一番いいのは事前に質問をするのがいいと思います。申請に際しての質問期間というものも設けられていますので、遠慮なく聞いてみるというのがいいと思います。

≪質問(4)≫
選考基準に関して。ミッションの達成率のようなものは、作品を観たときにどういうことが判断基準になるのでしょうか。
例えば、集客だったり社会的意味というものをどのように判断しているのか?

モデレーター:
セゾン文化財団さんは先ほど「新しい価値の創造」という観点だとおっしゃっていましたね。

久野さん:
「ちょっと今までで観たことない、びっくり!」みたいなことがポイントとして高いです。

質問者:
集客はどうなんでしょう?

久野さん:
集客に関しては、正直見てないです。ですので、行政が行っている助成の基準と、セゾンのような民間の基準というのは同じ言葉でもかなり違うと思います。
行政の場合は、数字で見たり、見積りや予算書などの書類がしっかり作成出来ているかが重要だったりしますが、セゾンに関しては、一体何をやるのか、何をやりたいのか、どこが新しいのか、の記述がちゃんと出来ているかどうかの配点が高いです。

質問者:
公演自体はあまり関係ないのでしょうか?

久野さん:
いいえ。セゾンでは、公演も観て、申請書に書いてあることと同じくらい本当に面白かったのか、そこはすごく厳しく観ます。

ヲザキさん:
それに対して、行政系の助成だと、役人が観てチェックするというのはマストではないようですね。時々抜き打ちで公演を観ているようですが。審査に関わっている方は観劇されても、恐らく大抵の場合、上演成果は制作者が書く報告書でしか表せないと思います。
動員に関して言えば、カンパニーの経済的な基盤、実績が見て取れますよね。チケット収入を主たる収入にしている筈ですから。3年前の文化庁の説明会で、観客が減っているということに文化庁が危機感を持っており、カンパニーが観客動員に対してチカラを入れて欲しいということを、言っていました。ですので、数字の実績…どれだけ動員しているのかも、ある基準として見られてしまうということは確かだと思います。

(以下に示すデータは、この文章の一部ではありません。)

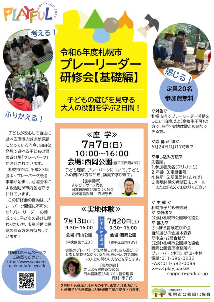 <活動紹介>札幌市プレーリーダー研修会 活動紹介 2024.05.26 公益財団法人札幌市公園緑化協会さんが札幌市の受諾を受けて実施する研修会です。 プレーパークさっぽろ <HP> <Facebook>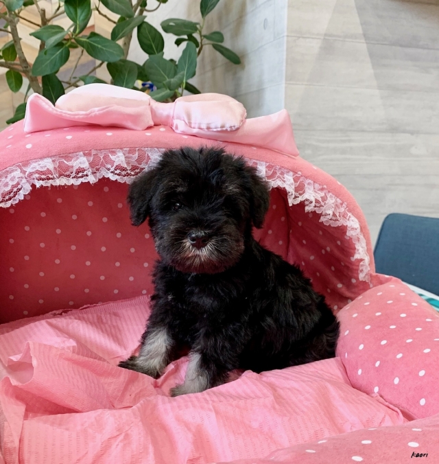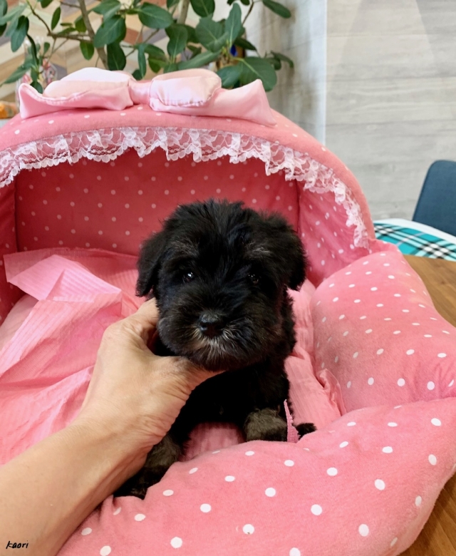 シュナウザーを主力にされているブリーダーさんだと認識しており、ボスちゃんはどうかなあと正直不安でしたがとても可愛く健康的なボスちゃんをいただきました。 掲載されていた写真より実物は想像以上に可愛くて即決し見学させていただいたその日に連れて帰りました。連絡をして、翌日行きますぅって勝手な申し出にも関わらず敏速かつ親切に対応して頂き大満足です。契約に対しても一つ一つ丁寧に説明してくださり、わかりやすかったです。この度は可愛いボスちゃんとのご縁をいただき、本当に有り難うございました。 (大阪府 女性)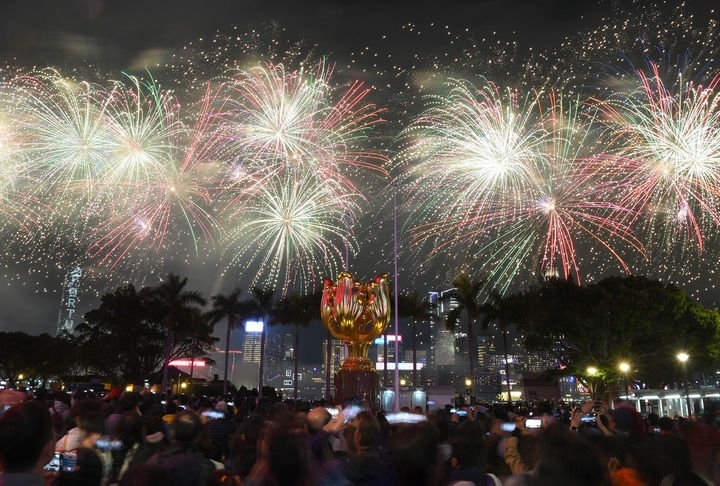 2025年1月30日,煙花在香港維多利亞港上空綻放,歡慶新春佳節(jié)。新華社記者 陳鐸 攝

「あうるすぽっと」に関して言えば、動員数は、カンパニーが劇場とタイアップしたいという場合に重視します。公共ホール(行政)では、劇場の実績を示すのに客観的な数字のデータが必要で、カンパニーの動員数はそのまま劇場の活動の実績となってしまうからです。プラス、我々は劇場料を取りっぱぐれる訳にはいかないので、ちゃんと収入が見込めるかという判断はシビアな問題として考えます。
劇場を借りるときに動員数を書かされるということは、その点も見られているということを感じたほうがいいと思います。

≪質問(5)≫
例えば、再演で公演を行いたいと申請を出し交付の内定が出たが、そのあと新作作品での上演をすることを願い出た場合、その新作作品としての交付承諾(金額が減額されても)はするが、今後団体としての信頼度というものに影響は出るのか?

ヲザキさん:
公共系だと本来は交付されないはずです。助成の対象とする活動の内容が根本的に変わっているので。恐らくかかる経費も公演構造も違ってくるはずです。
今後というよりは、今回、何故、助成金が交付されたのだろうということのほうが気になりますね。

久野さん:
助成申請する際に申請書に書いたことが申請者の「これがやりたい」という目的じゃないですか。その目的自体が変わってしまうというのは、双方の信頼関係が損なわれることだと思います。申請書の内容は、変わらないということが基本的なところだと思います。

ヲザキさん:
民間助成は、個人の資産(運用益)や企業のCSRの事業費で文化事業に対して助成をしますが、企業からの助成の目的で言えば、会社の社会的な価値を上げる、株価を上げる、ということが背後にあり、その先には企業の取引先や株主などの存在がありますよね。
そういう「何を目的として企業が文化事業に力を入れるのか」ということが、制作者の視野に入っていないといけないと思います。
では公共のほうはどういう資金で助成を行うのかというと、税金ですよね。
つまり文化庁は、わたしたち申請者の代わりに、その先の財務省や国会へ「文化事業に助成するお金は社会的に必要なお金なんですよ」と代わりに説明してくれているとも言えます。なので我々制作者は、社会の様々な人に説明するという感覚で申請書を書かなければいけません。そしてその先には回りまわって自分たち国民がいるということです。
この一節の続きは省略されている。